**Data items**
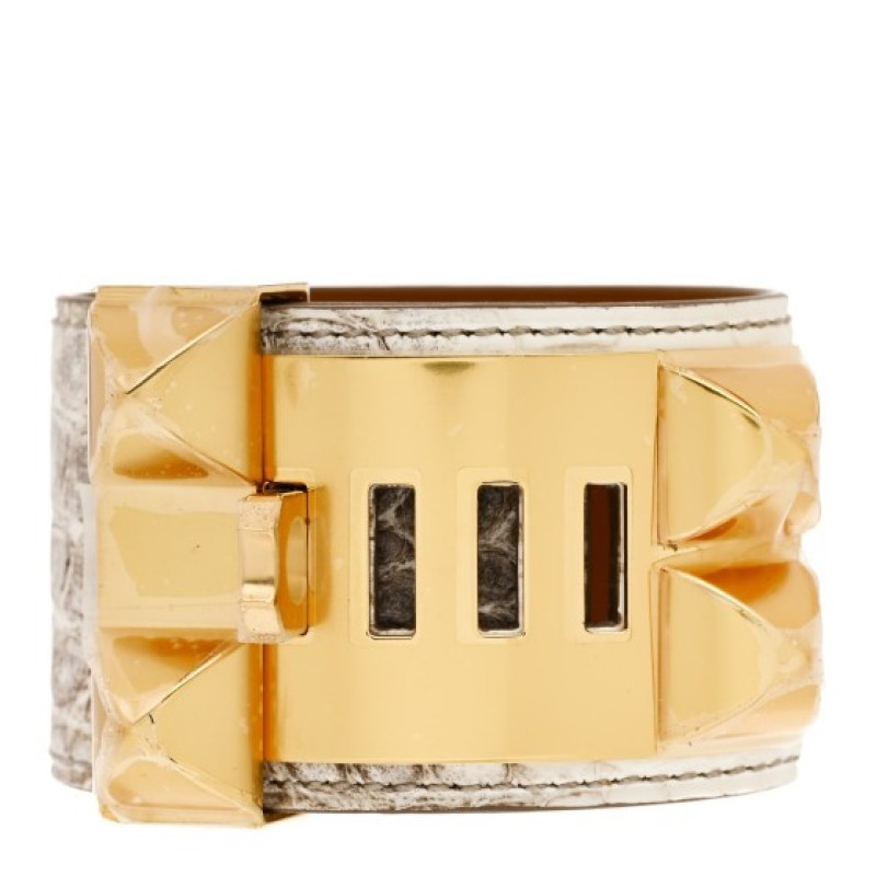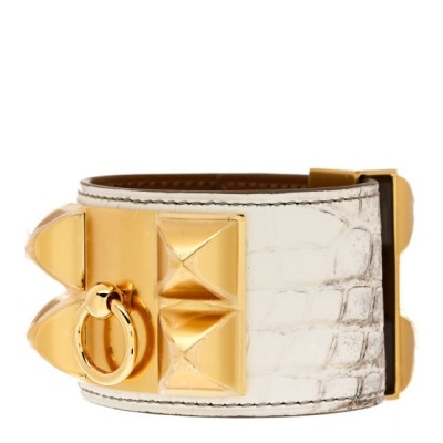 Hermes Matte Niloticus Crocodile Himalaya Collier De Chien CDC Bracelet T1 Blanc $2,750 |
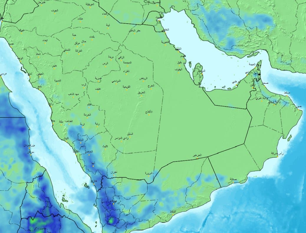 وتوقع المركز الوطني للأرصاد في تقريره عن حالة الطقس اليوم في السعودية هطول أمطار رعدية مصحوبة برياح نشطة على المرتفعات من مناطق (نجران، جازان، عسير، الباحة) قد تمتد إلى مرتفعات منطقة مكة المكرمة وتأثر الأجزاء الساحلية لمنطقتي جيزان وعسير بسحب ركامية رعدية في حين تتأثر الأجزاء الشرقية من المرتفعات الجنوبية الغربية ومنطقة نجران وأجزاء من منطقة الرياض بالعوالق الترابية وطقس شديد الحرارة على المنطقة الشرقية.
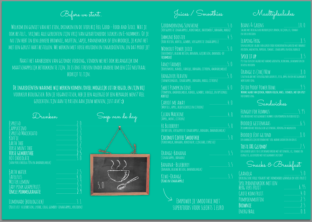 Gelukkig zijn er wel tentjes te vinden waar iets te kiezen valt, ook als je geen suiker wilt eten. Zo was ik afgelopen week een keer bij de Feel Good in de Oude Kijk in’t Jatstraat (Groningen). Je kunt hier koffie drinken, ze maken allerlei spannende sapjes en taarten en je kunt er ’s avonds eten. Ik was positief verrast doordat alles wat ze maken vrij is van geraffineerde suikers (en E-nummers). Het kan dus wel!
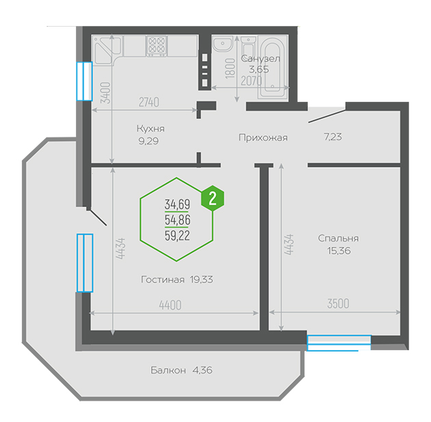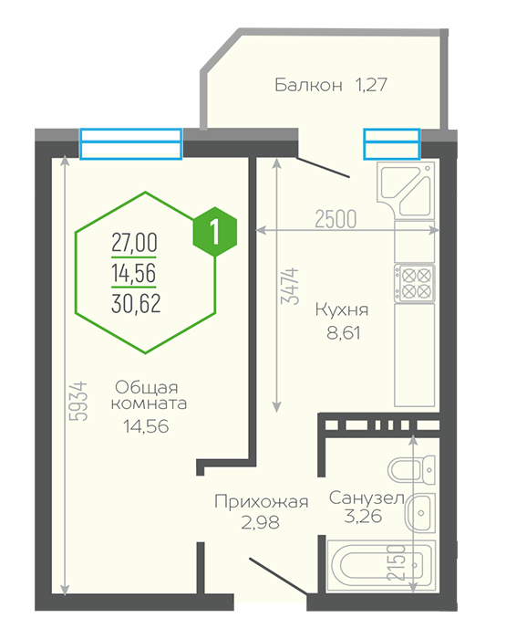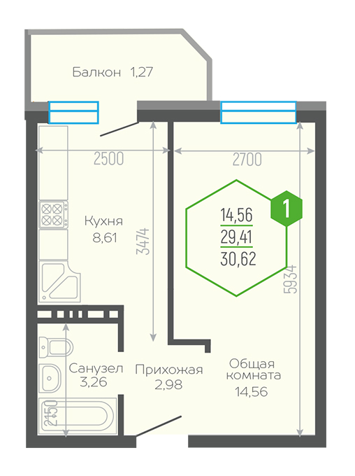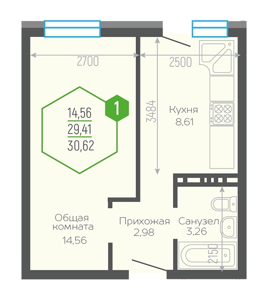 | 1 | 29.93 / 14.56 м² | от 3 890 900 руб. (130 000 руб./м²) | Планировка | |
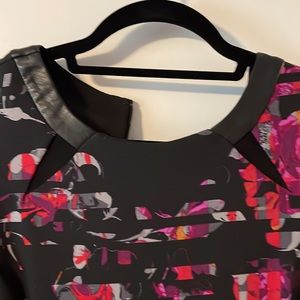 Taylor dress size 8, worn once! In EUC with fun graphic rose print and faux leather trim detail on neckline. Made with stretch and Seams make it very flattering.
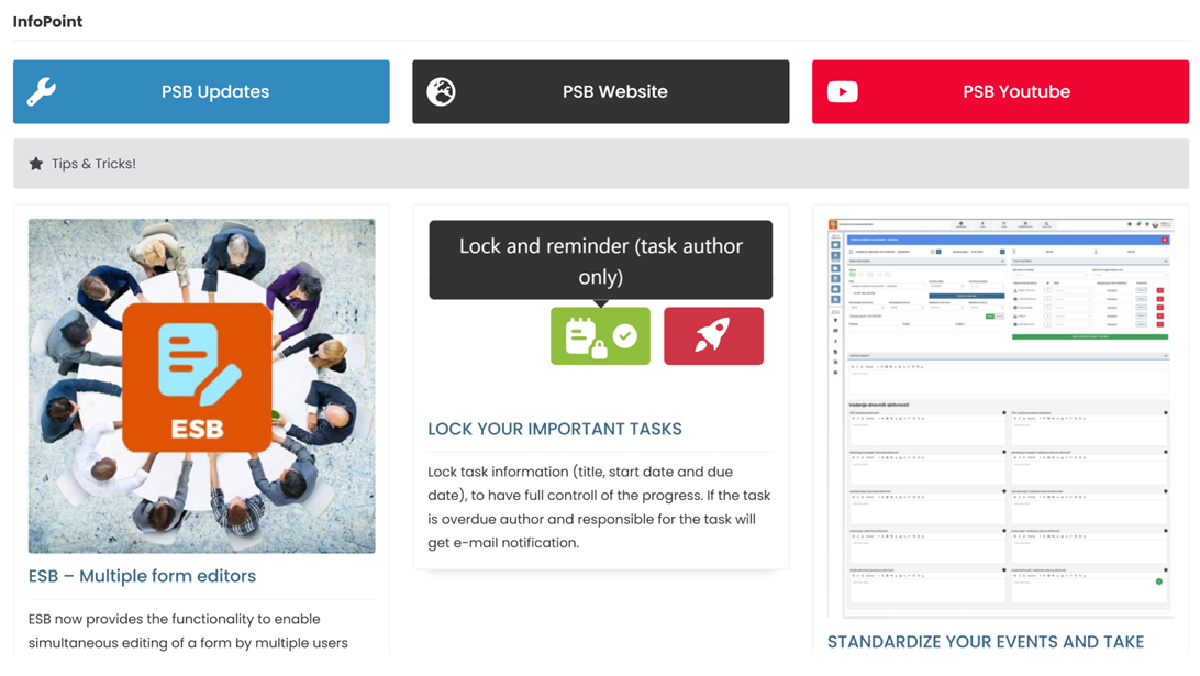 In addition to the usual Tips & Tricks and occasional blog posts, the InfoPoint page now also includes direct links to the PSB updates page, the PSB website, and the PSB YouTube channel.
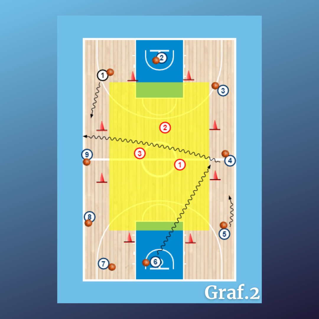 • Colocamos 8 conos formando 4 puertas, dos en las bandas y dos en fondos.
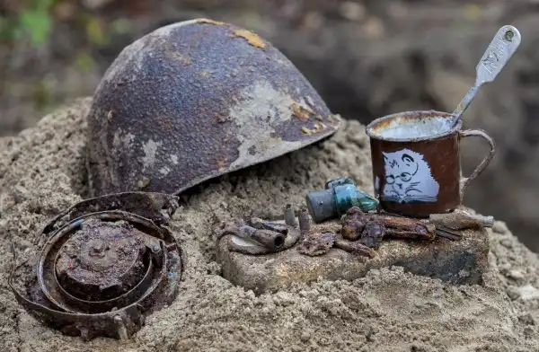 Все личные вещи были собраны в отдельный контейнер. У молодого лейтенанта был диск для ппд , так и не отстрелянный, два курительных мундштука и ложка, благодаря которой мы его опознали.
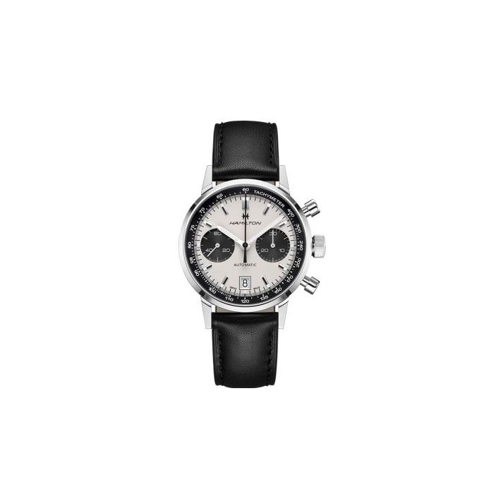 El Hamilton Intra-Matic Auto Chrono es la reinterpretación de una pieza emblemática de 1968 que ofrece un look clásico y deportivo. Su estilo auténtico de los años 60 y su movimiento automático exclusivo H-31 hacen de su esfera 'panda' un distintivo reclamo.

**WHAT YOU SHOULD DO**
Copy out, without any pictures, the lines of the records above from the one containing "وتوقع المركز الوطني" through the final line, both ends included.

**EXERCISE ANSWER**
 وتوقع المركز الوطني للأرصاد في تقريره عن حالة الطقس اليوم في السعودية هطول أمطار رعدية مصحوبة برياح نشطة على المرتفعات من مناطق (نجران، جازان، عسير، الباحة) قد تمتد إلى مرتفعات منطقة مكة المكرمة وتأثر الأجزاء الساحلية لمنطقتي جيزان وعسير بسحب ركامية رعدية في حين تتأثر الأجزاء الشرقية من المرتفعات الجنوبية الغربية ومنطقة نجران وأجزاء من منطقة الرياض بالعوالق الترابية وطقس شديد الحرارة على المنطقة الشرقية.
 Gelukkig zijn er wel tentjes te vinden waar iets te kiezen valt, ook als je geen suiker wilt eten. Zo was ik afgelopen week een keer bij de Feel Good in de Oude Kijk in’t Jatstraat (Groningen). Je kunt hier koffie drinken, ze maken allerlei spannende sapjes en taarten en je kunt er ’s avonds eten. Ik was positief verrast doordat alles wat ze maken vrij is van geraffineerde suikers (en E-nummers). Het kan dus wel!
 | 1 | 29.93 / 14.56 м² | от 3 890 900 руб. (130 000 руб./м²) | Планировка | |
 Taylor dress size 8, worn once! In EUC with fun graphic rose print and faux leather trim detail on neckline. Made with stretch and Seams make it very flattering.
 In addition to the usual Tips & Tricks and occasional blog posts, the InfoPoint page now also includes direct links to the PSB updates page, the PSB website, and the PSB YouTube channel.
 • Colocamos 8 conos formando 4 puertas, dos en las bandas y dos en fondos.
 Все личные вещи были собраны в отдельный контейнер. У молодого лейтенанта был диск для ппд , так и не отстрелянный, два курительных мундштука и ложка, благодаря которой мы его опознали.
 El Hamilton Intra-Matic Auto Chrono es la reinterpretación de una pieza emblemática de 1968 que ofrece un look clásico y deportivo. Su estilo auténtico de los años 60 y su movimiento automático exclusivo H-31 hacen de su esfera 'panda' un distintivo reclamo.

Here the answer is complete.